Let’s have a look at how exploratory data analysis helps data workers.
- Identifying errors that have been made at the time of data collection and missing data areas.
- Identifying the most influential variables in a dataset.
- Mapping out the underlying structure of that data.
- Listing and highlighting outliers and anomalies.
- Estimating parameters, defining margins of error, or determining confidence intervals.
- Testing previously proposed hypotheses.
The key purpose of EDA is to examine the dataset while eliminating any assumption about what it may contain. By eliminating assumptions, data workers can identify potential causes and patterns for observed behaviors. Any of the two types of assumptions are made about raw datasets by the analysts – business assumptions and technical assumptions.
Business assumptions can often remain unrecognized and can impact the business problem without the researcher being aware of them consciously. Technical assumptions can be like no data is anyway corrupted in a dataset or no data is missing from it, which have to be correct so that the insights gained from statistical analysis prove to be true later.

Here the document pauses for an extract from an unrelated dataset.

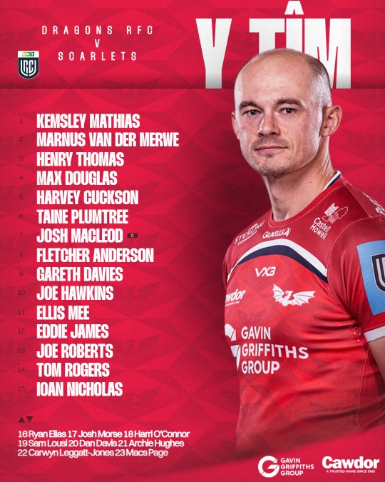 Scarlets head coach Dwayne Peel said: “The result on Boxing Day was disappointing for us all. We have had to lick our wounds and it’s been important to recover well and turn our focus to the Dragons. The games are coming thick and fast and this is another important game and another tough game for us. They are going well at the moment and we have to make sure we go to Rodney Parade with a spark and full of energy.”

Other stages in a machine learning model
The main goal of using the above data workflow steps is to train the highest performing model possible, with the help of the pre-processed data. The types of methods used to cater to this purpose include supervised learning and unsupervised learning.
In the former, the machine learning model is provided with data that is labeled. In unsupervised learning, the model is provided with uncategorized, unlabeled data and the algorithms of the system act on that data without prior training.
Next comes the evaluation stage, which is an integral part of a machine learning model development process. It helps data workers find the best model that represents the data and evaluate how well that model will perform in the future.
Final takeaway
So, we learned about the data workflows for a machine learning model and discussed various steps in order to understand the topic better. It’s important to remember that a machine learning model is only as good as the data it’s provided with and the ability of the algorithms to consume it.
In data science, one of the most important skills is the ability to assess machine learning. In the field of data science, there isn’t any shortage of techniques to perform a wide range of high-end tasks. However, what it probably does lack is how to solve non-standard business problems and this is where machine learning techniques fit in the picture perfectly.